You are right. But we go a little bit further. You don’t say: this product is good, this is bad. You say: this is a stone, a piece of shell, a piece of glass -- in other words – you classify defects. By classifying you can also gather the data of the product. Our customer knows the percentage of rejects, but also what kind of defects in the rejects like sticks, shells, stones, glass or mould. You can use that data to control other parts of equipment in the line. (if you see too many cap stems, go and adjust the de-stemmer…) On top of that we have a far higher resolution then what is existing on the market today. The polygon speed is now 20,000 rpm which in combination with our higher digitalization
rate creates an eight times higher resolution as former models. Every scan is less than one millimeter, and the scan as such is subdivided. The resolution is between 0.5 to 0.3 mm. Nothing else than revolutionary!

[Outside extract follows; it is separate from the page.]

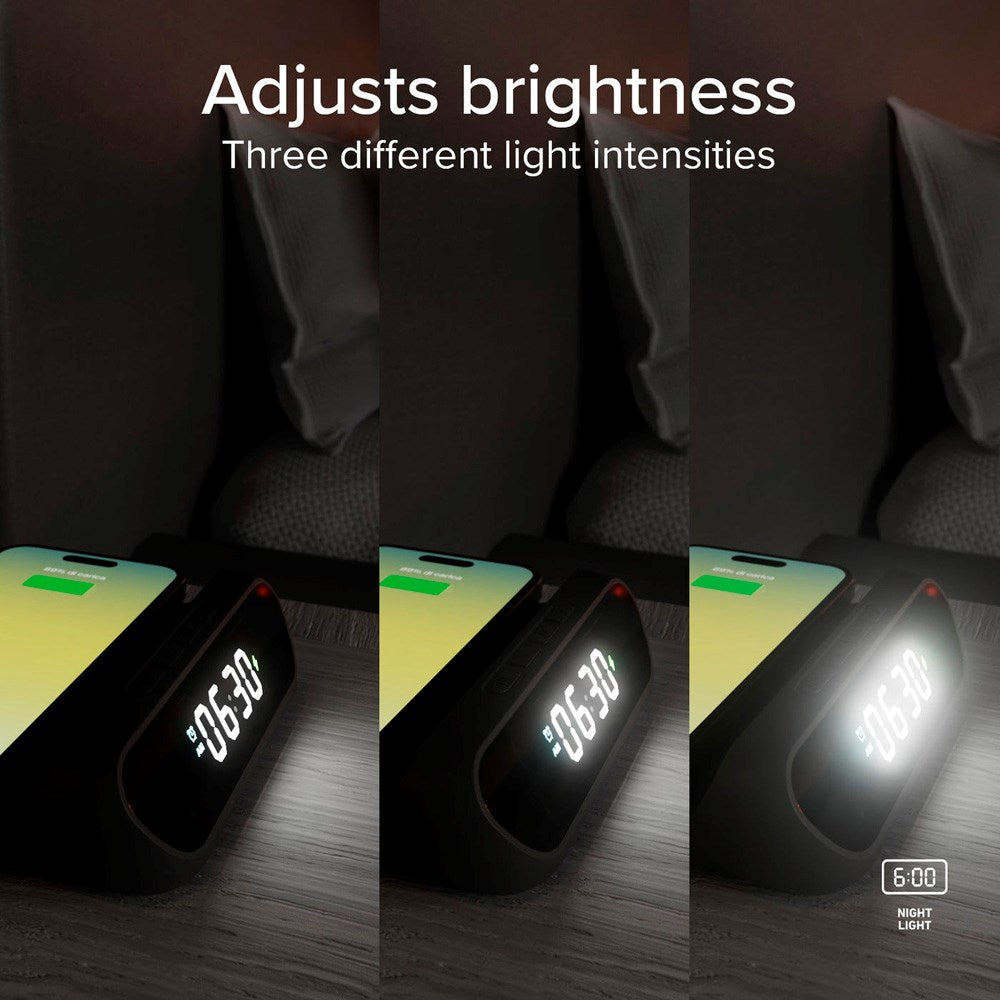 Vækkeuret har et stort digitalt display med 3 justerbare lysstyrker, så du kan tilpasse det til dine præferencer – uden at forstyrre din nattesøvn. Du kan vælge mellem 12- eller 24-timers visning og nyde den klassiske snooze-funktion med 5 minutters intervaller, så du får en rolig og behagelig opvågning.
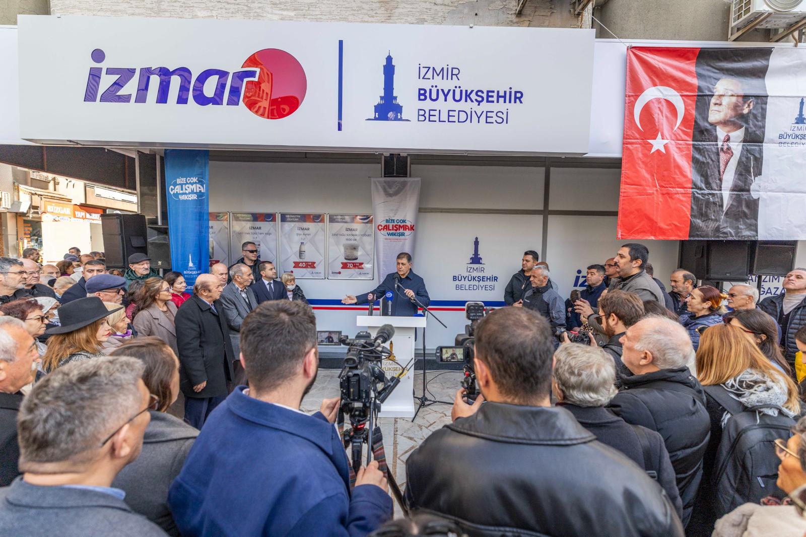 İzmir Büyükşehir Belediyesi’nin tanzim satış mağazası İZMAR’ın 16’ncı şubesi Gaziemir Aktepe’de, 17’nci şubesi ise Karşıyaka Nergiz Mahallesi’nde açıldı. Karşıyaka’daki açılış töreninde konuşan İzmir Büyükşehir Belediye Başkanı Dr. Cemil Tugay, halkın yaşadığı ekonomik zorluklar nedeniyle İZMAR projesini hayata geçirdiklerini belirtti. Marketçilik yapma gibi bir amaçlarının olmadığını vurgulayan Tugay, “Biz marketçiliğe meraklı değiliz. Halkımıza destek olmak, onları insafsız bir piyasaya teslim etmemek için bu çalışmayı yapıyoruz” dedi.

A typical problem in raisin sorting is capstems. The capstem’s thickness is roughly one millimeter, in our system it is visible by at least 3 pixel wide! Even if it is not fully exposed – you know, the embedded capstems -- we will detect the most of them.
In our 1200 mm wide Ventus we have 256 ejectors. Each ejector is only 4.6 mm away from the next one. This way we have very little loss of product.
We will not stop here, we are now in the process of creating different sizes of the Ventus, but important to say ; all with superior resolution.